• _Data below_
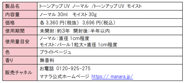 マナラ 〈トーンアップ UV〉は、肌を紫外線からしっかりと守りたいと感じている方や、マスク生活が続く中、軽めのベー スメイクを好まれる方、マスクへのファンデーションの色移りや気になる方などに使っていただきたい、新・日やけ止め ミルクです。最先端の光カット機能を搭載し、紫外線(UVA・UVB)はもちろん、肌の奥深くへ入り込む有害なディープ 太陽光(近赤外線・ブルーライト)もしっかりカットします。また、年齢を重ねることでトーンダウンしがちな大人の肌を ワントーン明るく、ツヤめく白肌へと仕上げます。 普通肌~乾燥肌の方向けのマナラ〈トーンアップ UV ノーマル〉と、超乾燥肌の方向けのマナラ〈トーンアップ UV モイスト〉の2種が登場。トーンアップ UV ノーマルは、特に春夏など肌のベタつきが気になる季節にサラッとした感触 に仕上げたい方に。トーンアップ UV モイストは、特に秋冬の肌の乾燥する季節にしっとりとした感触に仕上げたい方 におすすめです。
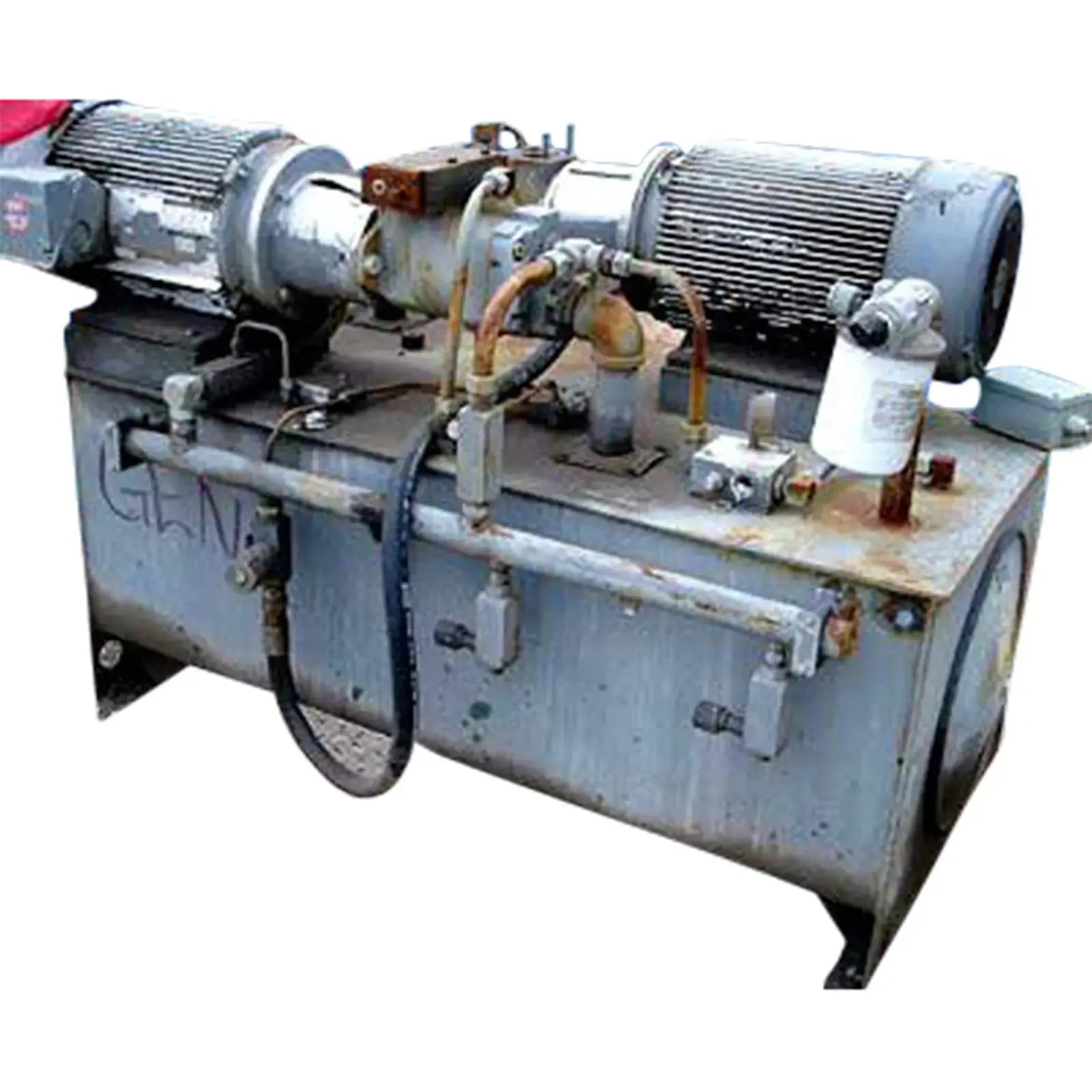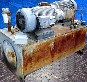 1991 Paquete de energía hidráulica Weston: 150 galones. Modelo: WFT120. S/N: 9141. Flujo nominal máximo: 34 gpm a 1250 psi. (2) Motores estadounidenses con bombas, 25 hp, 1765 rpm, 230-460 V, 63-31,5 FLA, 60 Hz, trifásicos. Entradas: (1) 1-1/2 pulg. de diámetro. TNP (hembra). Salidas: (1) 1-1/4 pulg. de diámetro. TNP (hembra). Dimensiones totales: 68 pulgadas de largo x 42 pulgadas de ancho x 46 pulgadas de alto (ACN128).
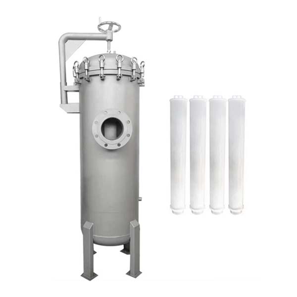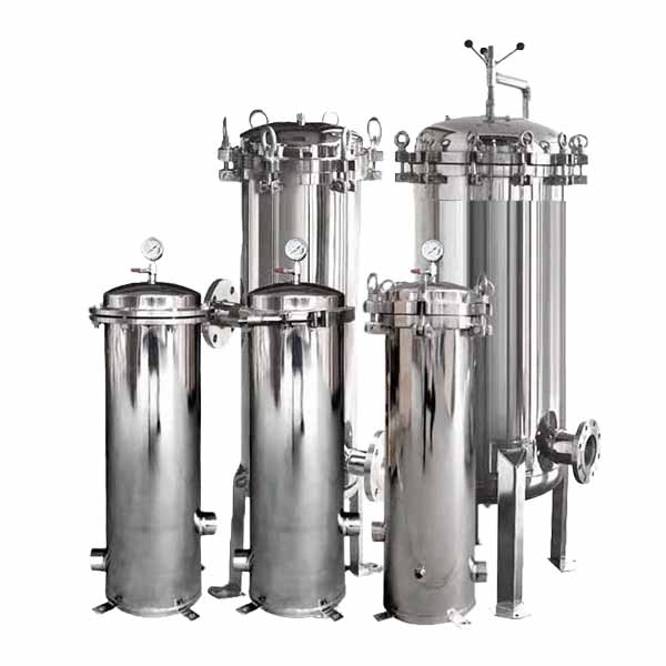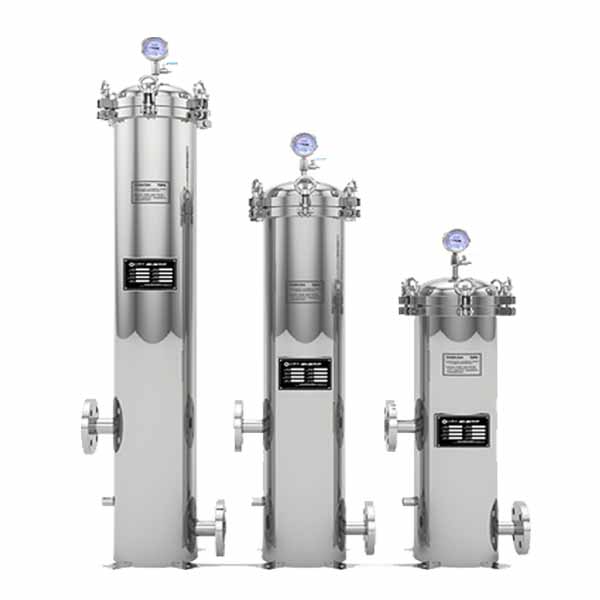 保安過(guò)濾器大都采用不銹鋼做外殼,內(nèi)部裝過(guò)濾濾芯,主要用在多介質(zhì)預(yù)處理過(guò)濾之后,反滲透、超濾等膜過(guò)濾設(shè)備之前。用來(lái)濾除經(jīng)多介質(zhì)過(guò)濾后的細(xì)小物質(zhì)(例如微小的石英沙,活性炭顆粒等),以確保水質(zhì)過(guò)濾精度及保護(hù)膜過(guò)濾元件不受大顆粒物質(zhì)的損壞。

• _What this task involves_
If you see a picture in the listing, skip it while copying everything else exactly.

• _Problem solution_
 マナラ 〈トーンアップ UV〉は、肌を紫外線からしっかりと守りたいと感じている方や、マスク生活が続く中、軽めのベー スメイクを好まれる方、マスクへのファンデーションの色移りや気になる方などに使っていただきたい、新・日やけ止め ミルクです。最先端の光カット機能を搭載し、紫外線(UVA・UVB)はもちろん、肌の奥深くへ入り込む有害なディープ 太陽光(近赤外線・ブルーライト)もしっかりカットします。また、年齢を重ねることでトーンダウンしがちな大人の肌を ワントーン明るく、ツヤめく白肌へと仕上げます。 普通肌~乾燥肌の方向けのマナラ〈トーンアップ UV ノーマル〉と、超乾燥肌の方向けのマナラ〈トーンアップ UV モイスト〉の2種が登場。トーンアップ UV ノーマルは、特に春夏など肌のベタつきが気になる季節にサラッとした感触 に仕上げたい方に。トーンアップ UV モイストは、特に秋冬の肌の乾燥する季節にしっとりとした感触に仕上げたい方 におすすめです。
 1991 Paquete de energía hidráulica Weston: 150 galones. Modelo: WFT120. S/N: 9141. Flujo nominal máximo: 34 gpm a 1250 psi. (2) Motores estadounidenses con bombas, 25 hp, 1765 rpm, 230-460 V, 63-31,5 FLA, 60 Hz, trifásicos. Entradas: (1) 1-1/2 pulg. de diámetro. TNP (hembra). Salidas: (1) 1-1/4 pulg. de diámetro. TNP (hembra). Dimensiones totales: 68 pulgadas de largo x 42 pulgadas de ancho x 46 pulgadas de alto (ACN128).
 保安過(guò)濾器大都采用不銹鋼做外殼,內(nèi)部裝過(guò)濾濾芯,主要用在多介質(zhì)預(yù)處理過(guò)濾之后,反滲透、超濾等膜過(guò)濾設(shè)備之前。用來(lái)濾除經(jīng)多介質(zhì)過(guò)濾后的細(xì)小物質(zhì)(例如微小的石英沙,活性炭顆粒等),以確保水質(zhì)過(guò)濾精度及保護(hù)膜過(guò)濾元件不受大顆粒物質(zhì)的損壞。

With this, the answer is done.